Bütün bunlar, Hillary'ye şu şekilde formüle edilebilecek basit ilkeleri öğretti: "Hiçbir şey yapmaya çalışmayan, hata yapmaz, ama kesinlikle hiçbir şey başaramaz" ve "tavizler vermek ve planlananın bir kısmını yapmak yerine, taviz vermek daha iyidir. hiç bir şey yapmamak." Bunda çok az idealizm var, ama belli bir sağduyu var.


Rahatsız eş mi yoksa bağımsız bir figür mü?

Hillary Clinton adını almadan ve ünlü olmadan önce bile, birçok kişi onun bir başkanlık veya hatta sadece çok başarılı bir siyasi kariyer öngördüğünü ciddi şekilde tahmin etti. Bill Clinton ile evlilik, muhtemelen Hillary'nin şimdiye kadar verdiği en zor karardı.

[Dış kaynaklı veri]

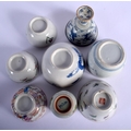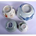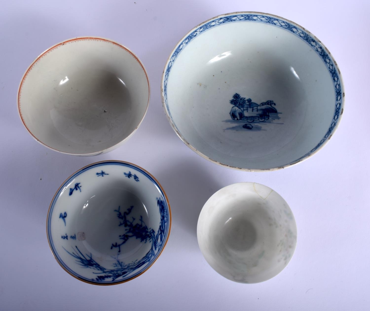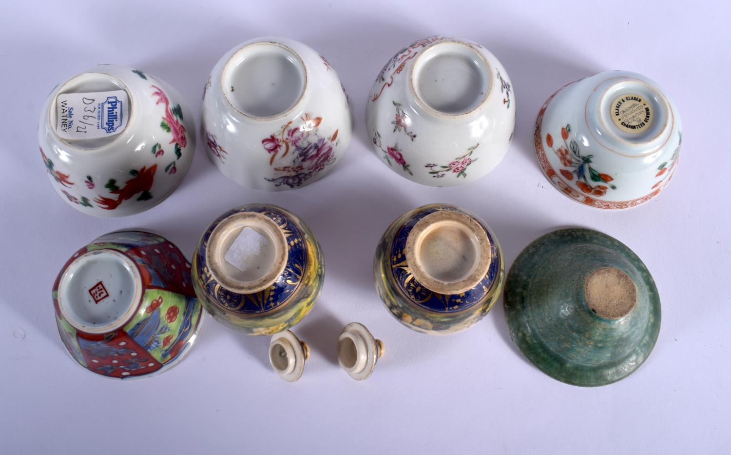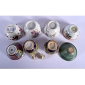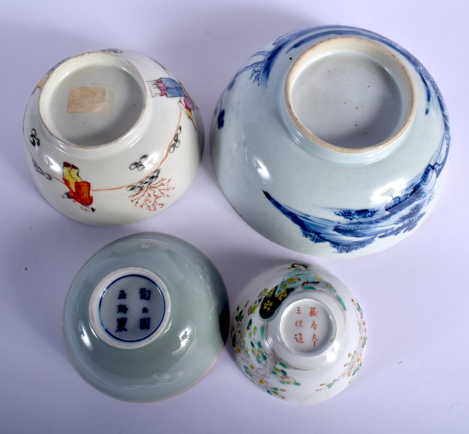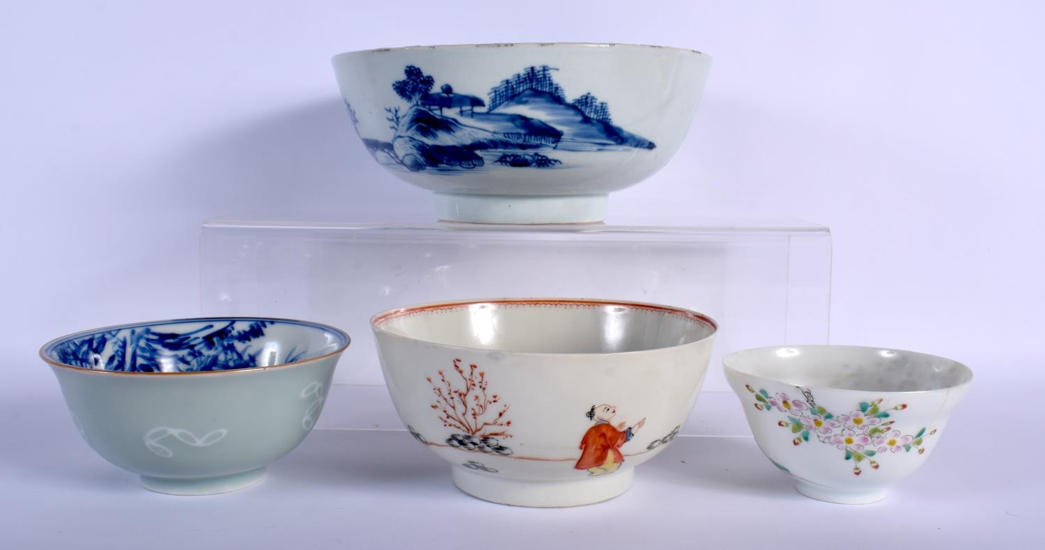 COLLECTION OF CHINESE: A STEM CUP, 6 BOWLS, 3 SAUCERS, 8 TEABOWLS, A BEAKER, A JAR BASE AND A SMALL MOULDED GREEN BASIN, TOGETHER WITH A PAIR OF SATSUMA STYLE VASES. Stem Cup 9cm high, Beaker 8cm high (23)

Kabul etmeden önce onu bir kereden fazla geri çevirdi ve gerçekten de tereddüt etti - daha sonra sandık başına gitmeye veya Dışişleri Bakanı olmayı kabul etmeye karar vermekten çok daha uzun bir süre. Mezun olduğunda Hillary Rodham bir yıldızdı: Wellesley'deki mezuniyet konuşması Life dergisi tarafından yayınlandı, Yale'de çocuk haklarının korunması alanında bilgi ve deneyim kazandı ve eğitiminden hemen sonra komisyona girdi. Nixon'ın istifasına yol açan Watergate skandalını araştırın. Bundan sonra, Washington'da önünde çeşitli kapılar açıldı: seçilmiş bir göreve veya kamu kuruluşlarında çalışmaya giden yol. Ama o, ülkenin en geri eyaletlerinden birine, Bill'in politik bir kariyer kurmayı planladığı anavatanına gitmeyi seçti ve bunu yaparken, o zamanlar pek çok kişiye göründüğü gibi, kendi hırslarını gömdü.

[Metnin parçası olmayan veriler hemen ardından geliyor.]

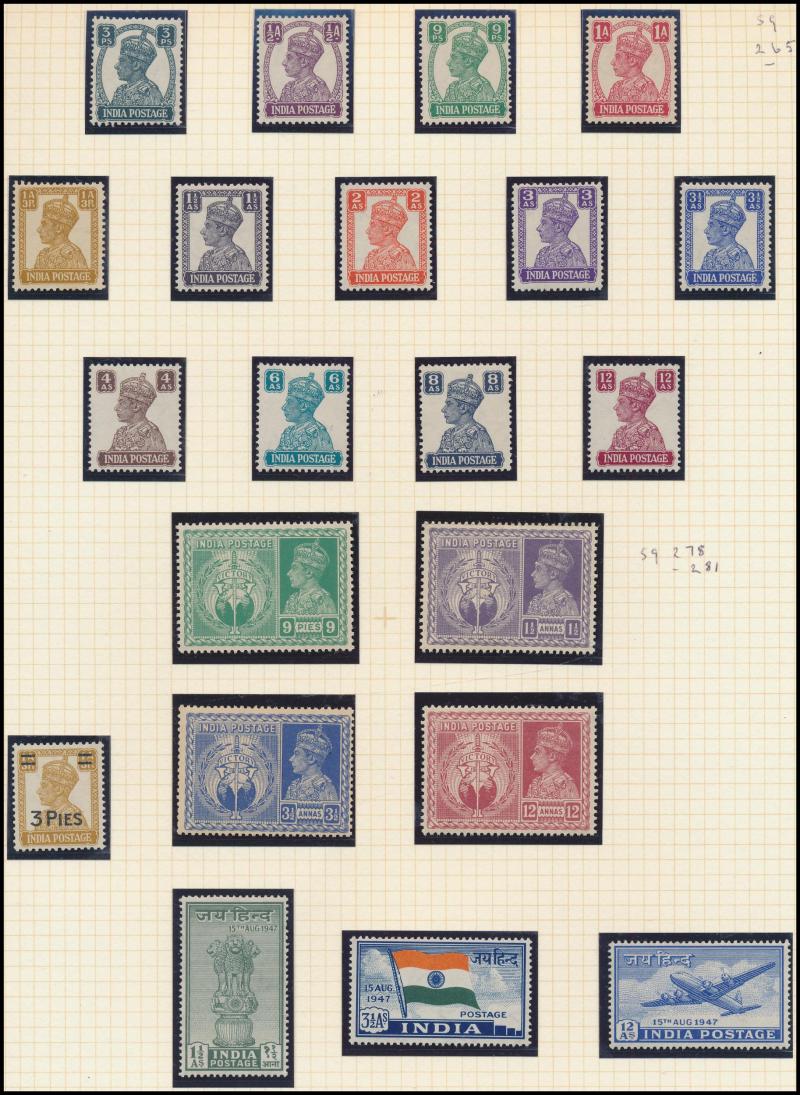& 1935 Silver Jubilee sets *, 1937-40 KGVI set *, then reasonably complete mostly unmounted to (ex 1949 Pictorials 10r & Gandhi set), condition of the earlies quite variable then increasingly fine to very fine, Cat £4000+.

Hillary, muhafazakar bir güney eyaletinin standartlarına göre bağımsız ve çok bağımsız bir kadın olmasına rağmen, bir ilkeden çabucak vazgeçmek zorunda kaldı: Evlendiğinde kocasının soyadını almadı, çocukluğuna sadık kalarak her zaman Hillary Rodham olarak kalacağına yemin etti. . Ancak Bill ikinci bir dönem için yeniden seçilmediğinde ve bunun nedenlerinden biri seçmenlerin valinin karısına duyduğu güvensizlikti, o kendi inisiyatifiyle Clinton adını aldı ve aynı zamanda genel merkeze başkanlık etti. kocasının yeniden seçilmesi sonucunda onu 12 yıl daha valilik koltuğuna oturttu.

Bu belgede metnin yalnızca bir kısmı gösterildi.